### EXERCISE
Take the lines from the one containing "Located on a" through the final line below and restate them exactly. Omit the pictures.

### DATA BELOW
○ ○ ○ ○ ○

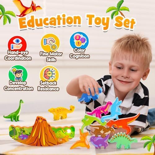Free eBay listing template designed by dewiso.com Dinosaur Toys for Kids 2-7 Kid Wooden Stacking Blocks Montessori Toy for 3 4 5 6 7 8 Year Old Boys Girls Birthday Gifts Toddler Balance Game Ages 2-4 3-5 Toys for Boy Girl Age 5-7 FREE AND FAST SHIPPING! Dinosaur Stacking Blocks: These wooden stacking blocks include 10 colorful cute dinosaurs (size: 2.5 in * 1.8 in) and a volcano balance base (size: 5.1 in * 2.4 in). The size is suitable for kids aged 2-8. Great dinosaur toys for little kids Great Montessori Toys: An interesting entry-level balance game. This stacking toy combines playtime with learning! Encourage your children to learn about colors and dinosaurs while developing their balance and control. Let your baby use their imagination and build more interesting shapes Develop More Skills: A variety of difficulties and games can make children concentrate for a long time. And it can cultivate children's concentration, thinking ability, hands-on ability, emotional control and stress resistance in the game Safety and High Quality: The blocks are made of high-quality wood and coated with non-toxic water-based paint. The smooth surface and rounded corners of the wood blocks can protect children's hands when stacked. The chunky design makes it easier for young children to grasp Amazing Gift Choice: The dinosaur stacking toy comes with a exquisite gift box. It is a fabulous gift idea for Christmas gifts, birthday gifts, Halloween gifts or taking it anywhere as travel toys for kids. It will keep your children happy for hours Product We offer a 30-Day Return Policy on items which you are not completely satisfied with. You have the option for a full-refund or an exchange of the item. No returns are available on items shipped outside of the US . Shipping We offer Free Shipping to the US and ship within 2 business days of payment, usually sooner. We use UPS express shipping. That's why your products are usually delivered within 3 days . Contact We try our very best to make sure every customer is completely satisfied. If there's a problem , message us! We're happy to help. 24/7 live chat available.
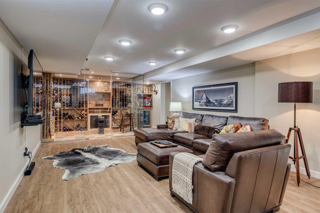 Located on a quiet, low-traffic street in the highly sought-after community of Elbow Park, this fantastic family home in Upper Elbow Park offers outstanding curb appeal with its timeless brick and wood exterior and a warm, welcoming presence. Inside, the thoughtfully designed floor plan features spacious principal rooms and excellent flow, ideal for both everyday living and entertaining. The main floor showcases newly installed engineered hardwood flooring (2024) and includes a formal living room, dining room, office or den/library, inviting family room, beautifully renovated laundry room (2018), and an eat-in kitchen with updated countertops (2016) overlooking the private backyard. Upstairs you’ll find a rare five-bedroom layout, offering exceptional flexibility for growing families, guest space, or the option of four bedrooms plus a second home office or expanded dressing room off the primary suite. The lower level provides a generous recreation room, a custom temperature-controlled wine cellar (2016), abundant storage, and convenient access to the attached double garage, which is equipped with an electric vehicle charging station (2021). Outside, the private, treed and fully fenced yard with underground sprinklers and firepit area creates a peaceful retreat. Back covered deck area is heated, as is the front covered porch/deck, such great areas to gather and enjoy year round. Numerous substantial upgrades add comfort and efficiency, including a high-efficiency boiler with Axiom feeder for the hot water heating system (2022), solar panel installation providing 8.75 kW (2021), roof replacement (2021), renovated upper-level bathrooms with in-floor heat (2016), updated carpeting (2016), and custom built-in cabinetry (2016). Perfectly positioned within walking distance to Marda Loop, River Park and its extensive pathway system, William Reid School, and the prestigious Glencoe Club, and just minutes from downtown and Western Canada High School, this is an exceptional opportunity to enjoy an established inner-city lifestyle in one of Calgary’s most desirable neighborhoods.
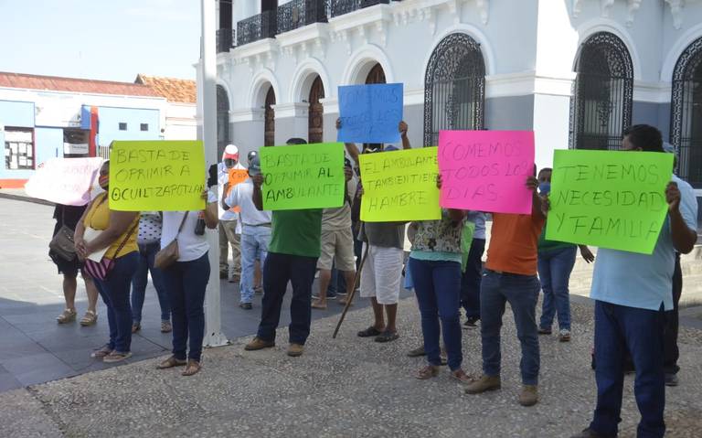 CON PROTESTA EN PALACIO DE GOBIERNO AMBULANTES DE OCUILTZAPOTLÁN PIDEN SE LES PERMITA VOLVER A TRABAJAR

○ ○ ○ ○ ○

### ANSWER TO THIS TASK
 Located on a quiet, low-traffic street in the highly sought-after community of Elbow Park, this fantastic family home in Upper Elbow Park offers outstanding curb appeal with its timeless brick and wood exterior and a warm, welcoming presence. Inside, the thoughtfully designed floor plan features spacious principal rooms and excellent flow, ideal for both everyday living and entertaining. The main floor showcases newly installed engineered hardwood flooring (2024) and includes a formal living room, dining room, office or den/library, inviting family room, beautifully renovated laundry room (2018), and an eat-in kitchen with updated countertops (2016) overlooking the private backyard. Upstairs you’ll find a rare five-bedroom layout, offering exceptional flexibility for growing families, guest space, or the option of four bedrooms plus a second home office or expanded dressing room off the primary suite. The lower level provides a generous recreation room, a custom temperature-controlled wine cellar (2016), abundant storage, and convenient access to the attached double garage, which is equipped with an electric vehicle charging station (2021). Outside, the private, treed and fully fenced yard with underground sprinklers and firepit area creates a peaceful retreat. Back covered deck area is heated, as is the front covered porch/deck, such great areas to gather and enjoy year round. Numerous substantial upgrades add comfort and efficiency, including a high-efficiency boiler with Axiom feeder for the hot water heating system (2022), solar panel installation providing 8.75 kW (2021), roof replacement (2021), renovated upper-level bathrooms with in-floor heat (2016), updated carpeting (2016), and custom built-in cabinetry (2016). Perfectly positioned within walking distance to Marda Loop, River Park and its extensive pathway system, William Reid School, and the prestigious Glencoe Club, and just minutes from downtown and Western Canada High School, this is an exceptional opportunity to enjoy an established inner-city lifestyle in one of Calgary’s most desirable neighborhoods.
 CON PROTESTA EN PALACIO DE GOBIERNO AMBULANTES DE OCUILTZAPOTLÁN PIDEN SE LES PERMITA VOLVER A TRABAJAR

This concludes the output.